Evaluate whether this agent took appropriate steps to complete the task:
Task: {task}
Execution trajectory:
{steps_str}
For each step, assess:
- Was this tool/action appropriate given what the agent knew at this point?
- Were there unnecessary or redundant steps?
- Did the agent miss any obvious approaches?
""")])
Building a Regression Test Dataset
A golden dataset stores known-good examples so you can detect regressions whenever you change the model, prompt, or tools.
# src/evals/dataset.py
from langsmith import Client
from typing import Optional
# LangSmith Client connects to the LangSmith API for dataset and run management
ls_client = Client()
def add_to_golden_dataset(
dataset_name: str,
inputs: dict,
expected_outputs: dict,
metadata: dict = {},
):
"""Add a curated example to the regression dataset."""

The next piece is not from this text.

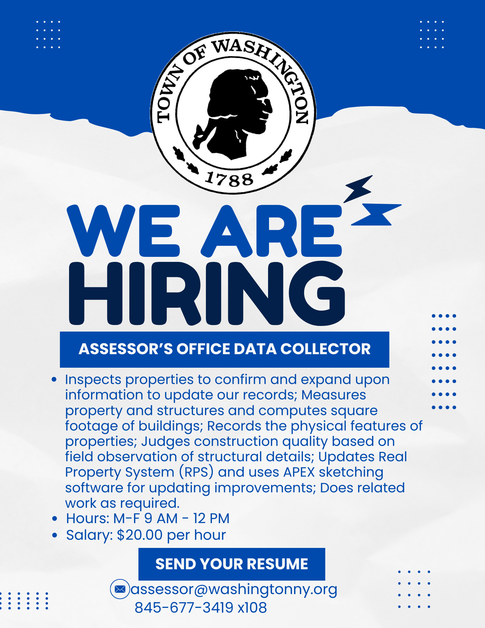 For all job inquires please call the Town Clerk's office at 845-677-3419, x100 or email ccbriggs@washingtonny.org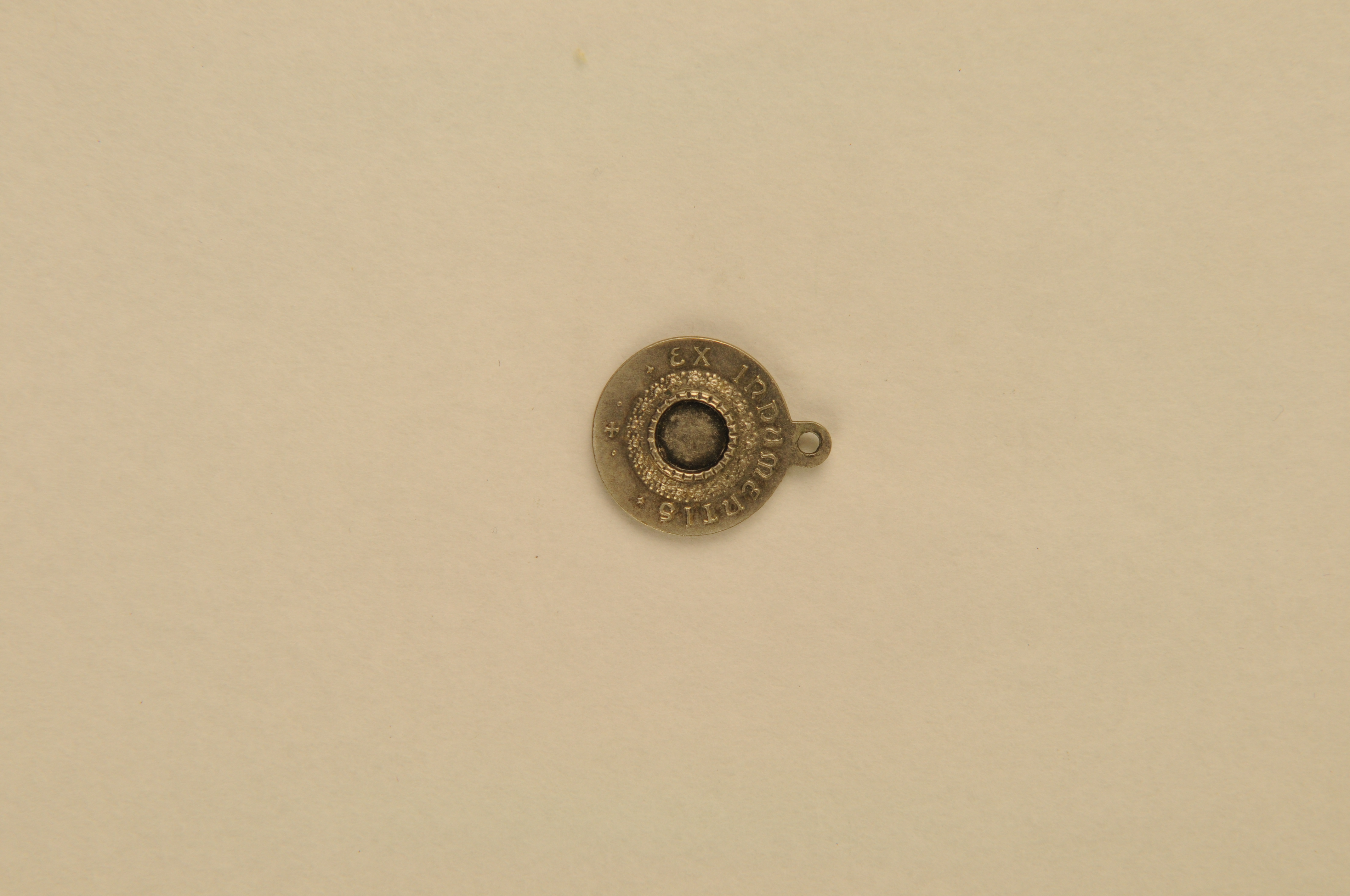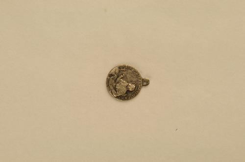 Religieuze medaille/draagpenning, materiaal: metaal (verzilverd), een ronde penning met op vz. reliëfafbeelding de Zalige Anna Maria Taigi en randschrift ‘B.A.M. TAIGI MATER FAM.’ en op kz. verzinking voor inleg (een relikwie ?) en randschrift ‘EX INDUMENTIS’, 2 x 1,3 x 0,1 cm

# read_dataset looks up the dataset by name: create it in LangSmith UI first
dataset = ls_client.read_dataset(dataset_name=dataset_name)
ls_client.create_example(
inputs=inputs,
outputs=expected_outputs,
metadata=metadata, # metadata lets you filter by category, date, or source
dataset_id=dataset.id,
)
# Curate examples from production runs
def curate_from_production_run(run_id: str, is_good: bool, notes: str):
"""Promote a production run to the eval dataset."""

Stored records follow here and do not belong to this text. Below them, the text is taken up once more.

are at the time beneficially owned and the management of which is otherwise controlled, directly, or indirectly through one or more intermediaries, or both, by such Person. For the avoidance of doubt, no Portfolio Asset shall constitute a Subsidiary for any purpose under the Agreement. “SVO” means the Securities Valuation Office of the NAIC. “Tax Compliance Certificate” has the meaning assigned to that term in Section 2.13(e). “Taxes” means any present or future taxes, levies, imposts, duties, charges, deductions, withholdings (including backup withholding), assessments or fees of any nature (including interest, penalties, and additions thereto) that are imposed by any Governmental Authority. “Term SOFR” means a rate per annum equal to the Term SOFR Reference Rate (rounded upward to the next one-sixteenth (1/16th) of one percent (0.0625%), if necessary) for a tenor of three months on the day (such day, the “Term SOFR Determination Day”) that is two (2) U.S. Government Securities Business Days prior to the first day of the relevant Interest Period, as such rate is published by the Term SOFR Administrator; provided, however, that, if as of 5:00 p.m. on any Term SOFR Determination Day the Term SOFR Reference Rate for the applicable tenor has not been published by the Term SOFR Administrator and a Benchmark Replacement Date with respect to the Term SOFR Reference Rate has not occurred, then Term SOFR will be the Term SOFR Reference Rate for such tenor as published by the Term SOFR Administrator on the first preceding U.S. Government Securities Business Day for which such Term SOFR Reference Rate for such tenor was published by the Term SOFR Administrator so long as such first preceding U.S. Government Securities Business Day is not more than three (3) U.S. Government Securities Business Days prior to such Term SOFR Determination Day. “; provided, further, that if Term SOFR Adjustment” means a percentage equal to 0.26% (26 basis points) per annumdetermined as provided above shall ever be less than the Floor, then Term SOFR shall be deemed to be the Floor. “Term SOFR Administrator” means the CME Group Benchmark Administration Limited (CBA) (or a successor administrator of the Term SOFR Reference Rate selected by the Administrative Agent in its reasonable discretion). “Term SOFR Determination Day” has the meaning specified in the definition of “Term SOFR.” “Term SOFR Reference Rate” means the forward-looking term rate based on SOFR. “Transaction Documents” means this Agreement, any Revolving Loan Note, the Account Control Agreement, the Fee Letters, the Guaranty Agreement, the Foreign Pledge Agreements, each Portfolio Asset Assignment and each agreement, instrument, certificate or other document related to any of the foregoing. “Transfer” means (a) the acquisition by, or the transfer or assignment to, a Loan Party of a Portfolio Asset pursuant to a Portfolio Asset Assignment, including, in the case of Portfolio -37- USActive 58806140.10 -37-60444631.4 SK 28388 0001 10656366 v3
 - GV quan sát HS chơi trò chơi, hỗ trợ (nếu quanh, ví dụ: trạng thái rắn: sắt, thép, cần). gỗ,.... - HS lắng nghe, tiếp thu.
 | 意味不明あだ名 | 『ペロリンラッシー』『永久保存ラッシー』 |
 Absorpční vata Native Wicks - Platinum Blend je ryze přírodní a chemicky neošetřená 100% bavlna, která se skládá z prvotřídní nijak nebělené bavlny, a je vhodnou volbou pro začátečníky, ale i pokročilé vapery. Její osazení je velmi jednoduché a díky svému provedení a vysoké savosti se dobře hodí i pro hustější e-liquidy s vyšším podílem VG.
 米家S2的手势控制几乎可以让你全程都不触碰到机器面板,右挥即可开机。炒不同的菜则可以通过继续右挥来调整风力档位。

# read_run fetches the full inputs and outputs from a LangSmith trace
run = ls_client.read_run(run_id)
if is_good:
add_to_golden_dataset(
dataset_name="agent-golden-set",
inputs={"query": run.inputs["messages"][0]["content"]},
expected_outputs={"answer": run.outputs["messages"][-1]["content"]},
metadata={"notes": notes, "promoted_from": run_id}, # track provenance
)
# Run the full evaluation suite
async def run_regression_suite(agent, dataset_name: str = "agent-golden-set"):
from langsmith.evaluation import evaluate
# evaluate() runs every example in the dataset and scores it with the provided evaluators
results = evaluate(
lambda inputs: agent.invoke({"messages": [HumanMessage(content=inputs["query"])]}),
data=dataset_name,
evaluators=[accuracy_evaluator, hallucination_evaluator],
experiment_prefix=f"regression-{datetime.now().strftime('%Y%m%d')}", # timestamp groups runs by date
)
print(f"Accuracy: {results['accuracy']:.2%}")
print(f"Hallucination-free: {results['hallucination_risk']:.2%}")
return results
The investment in evaluation infrastructure pays back every time you change your agent’s model, prompt, or tools. Without it, you’re deploying blind.